→ **DIRECTIONS FOR THIS TASK**
Copy the lines below exactly, starting with the first and finishing with the one holding "Viene cargado de"; do not copy the pictures.

═════ LISTED RECORDS ═════

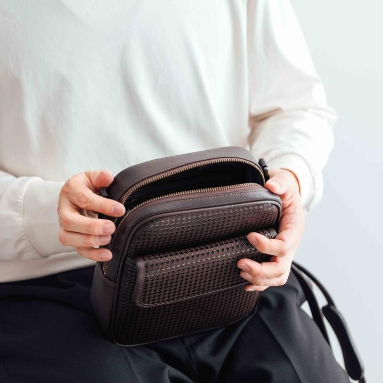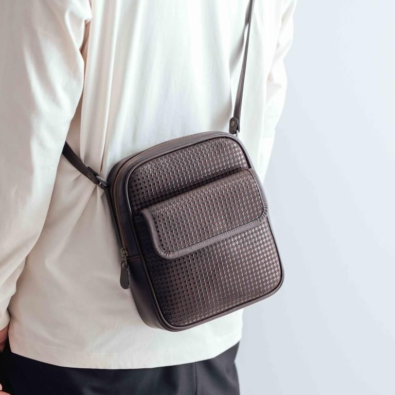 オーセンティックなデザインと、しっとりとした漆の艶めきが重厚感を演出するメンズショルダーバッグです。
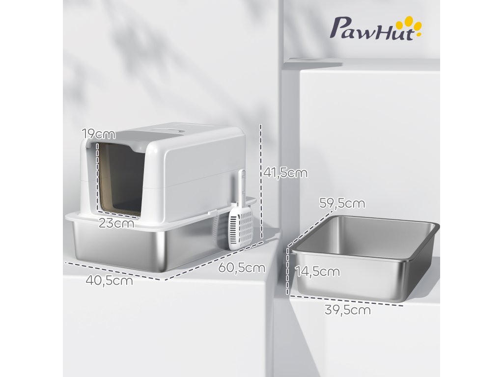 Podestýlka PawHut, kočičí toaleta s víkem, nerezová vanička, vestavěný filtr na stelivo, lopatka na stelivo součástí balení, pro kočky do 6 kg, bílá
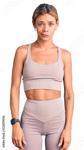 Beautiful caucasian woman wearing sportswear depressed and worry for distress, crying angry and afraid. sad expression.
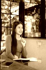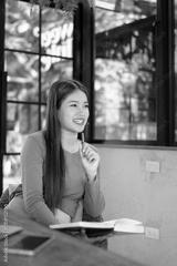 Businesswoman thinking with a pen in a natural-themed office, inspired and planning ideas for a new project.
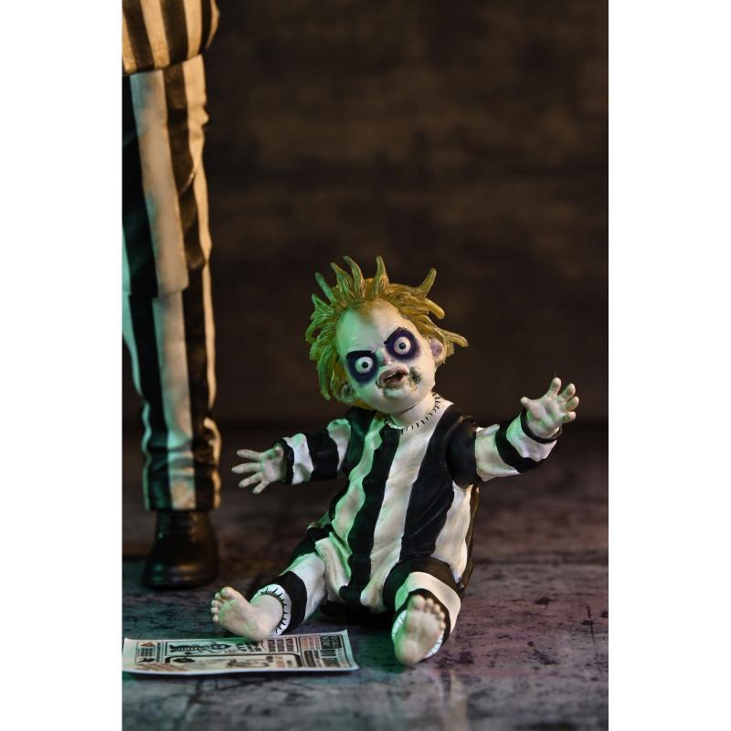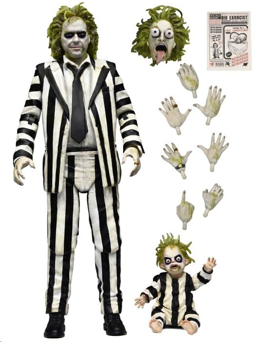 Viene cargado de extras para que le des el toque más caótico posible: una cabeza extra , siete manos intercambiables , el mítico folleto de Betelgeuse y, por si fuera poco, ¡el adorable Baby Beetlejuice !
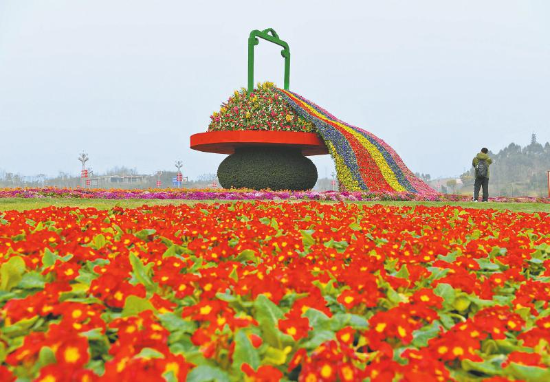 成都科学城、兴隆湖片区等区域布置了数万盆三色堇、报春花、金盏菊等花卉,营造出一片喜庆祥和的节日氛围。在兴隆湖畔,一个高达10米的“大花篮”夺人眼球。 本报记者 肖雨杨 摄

═════

→ **EXERCISE ANSWER**
 オーセンティックなデザインと、しっとりとした漆の艶めきが重厚感を演出するメンズショルダーバッグです。
 Podestýlka PawHut, kočičí toaleta s víkem, nerezová vanička, vestavěný filtr na stelivo, lopatka na stelivo součástí balení, pro kočky do 6 kg, bílá
 Beautiful caucasian woman wearing sportswear depressed and worry for distress, crying angry and afraid. sad expression.
 Businesswoman thinking with a pen in a natural-themed office, inspired and planning ideas for a new project.
 Viene cargado de extras para que le des el toque más caótico posible: una cabeza extra , siete manos intercambiables , el mítico folleto de Betelgeuse y, por si fuera poco, ¡el adorable Baby Beetlejuice !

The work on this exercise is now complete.